**DATA FOR THIS EXERCISE**
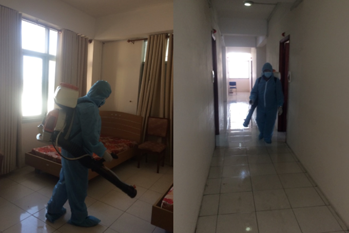 Trung tâm y tế quận Tân Bình tổ chức phun khử khuẩn tại 2 địa điểm cách ly của Vietnam Airlines. (Ảnh:HCDC).
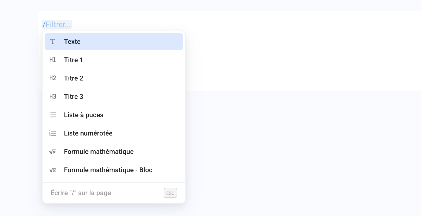 Vous pouvez taper / pour afficher une liste d'éléments à ajouter dans votre sujet, en particulier des images, formules mathématiques, tableaux ou blocs de code.
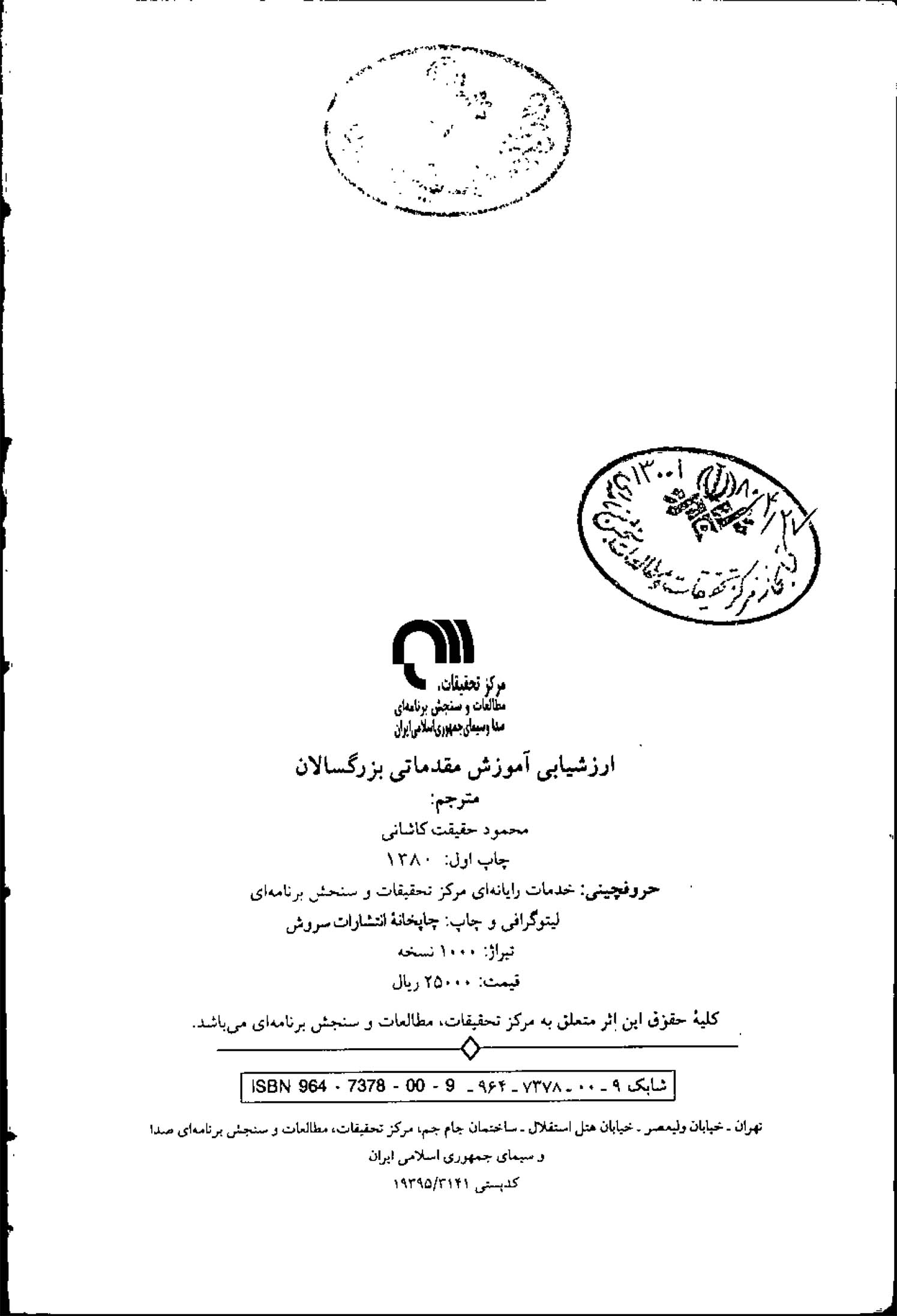 🔖 book_keywords : دانلود فایل pdf ارزشیابی آموزش مقدماتی بزرگسالان نوشته دنیس دی. گولر آلن بی . ناکس ترجمه محمود حقیقت کاشانی
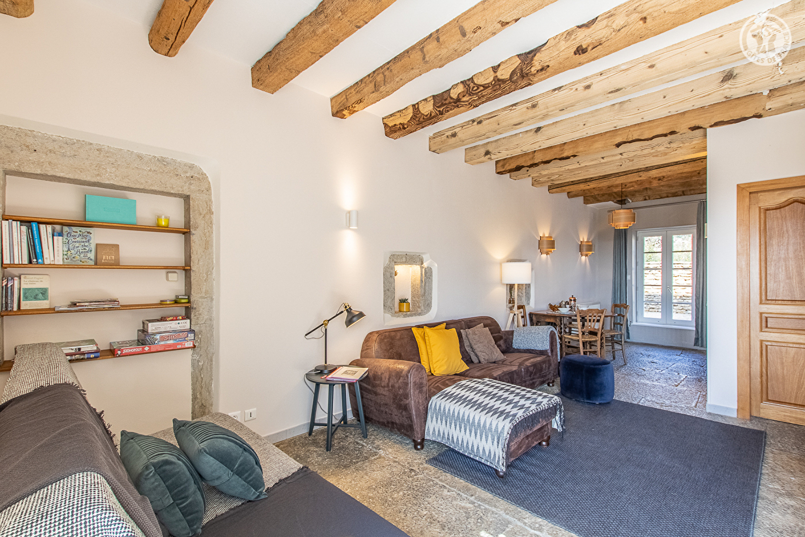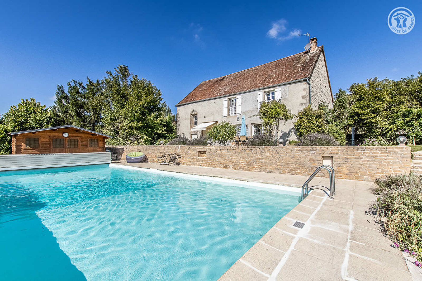 Authentique grange traditionnelle de caractère du XIXe soigneusement restaurée, lovée "en balcon" & "belvédère panoramique" à flanc de coteau sud, en lisière de vignobles. Calme & totale tranquillité, blotti au bout d'une intimiste impasse, au cœur d'un paisible petit village viticole typique juché sur une colline au pied du Mont Rome (point culminant du territoire avec 546m, site d'escalade réputé & belvédère unique pour son exceptionnelle vue s'étendant de la Saône à l'Autunois). En pleine campagne chalonnaise vallonnée, niché entre les bucoliques vignobles du Couchois & des Maranges, au creux d'un ravissant écrin champêtre & naturel préservé de coteaux de vignes, prairies & collines boisées. Gîte de très bon confort. Chaleureuse ambiance "campagne chic" sublimée par l'âme du bâti d'origine (exceptionnel sol en pierres, poutres, niches avec linteaux en pierres…). Beaucoup de charme & caractère. Très cosy. Large terrasse panoramique ombragée. Belle propriété de 4500m² (en commun) pétrie d'histoire (jadis domaine viticole), soigneusement végétalisée & fleurie, comprenant un espace engazonné (avec balançoire), une belle piscine (5x10m), un terrain de pétanque, une table de ping-pong & une agréable prairie "naturelle" abritant un verger fruitier avec chemin de promenade (cerisier, figuier, pommiers, poiriers, noyers…). Sublime panorama sur les vignobles & la campagne environnante. Magnifiques paysages.
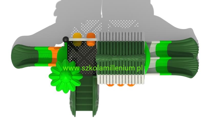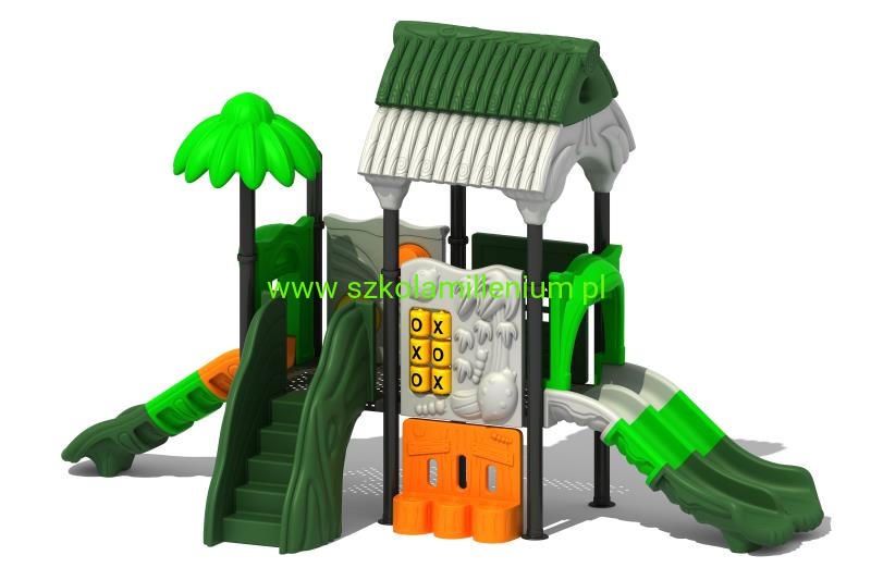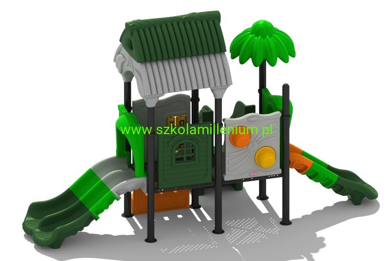 Zestaw składa się z kilku podestów, schodków, panelu kółko i krzyżyk i zjeżdżalni: podwójnej i prostej, które zapewnią najmłodszym wiele godzin świetnej zabawy. Plac posiada wiele elementów dekoracyjnych takich jak daszki oraz panele z tworzywa LLDPE lub HDPE o szerokiej gamie kolorystycznej, które przyciągają uwagę nie tylko najmłodszych.

**AIM OF THE EXERCISE**
Your task is to reproduce the entries above word for word, from the first line through the line with "محمود حقیقت کاشانی", and please leave out any pictures.

**EXERCISE RESPONSE**
 Trung tâm y tế quận Tân Bình tổ chức phun khử khuẩn tại 2 địa điểm cách ly của Vietnam Airlines. (Ảnh:HCDC).
 Vous pouvez taper / pour afficher une liste d'éléments à ajouter dans votre sujet, en particulier des images, formules mathématiques, tableaux ou blocs de code.
 🔖 book_keywords : دانلود فایل pdf ارزشیابی آموزش مقدماتی بزرگسالان نوشته دنیس دی. گولر آلن بی . ناکس ترجمه محمود حقیقت کاشانی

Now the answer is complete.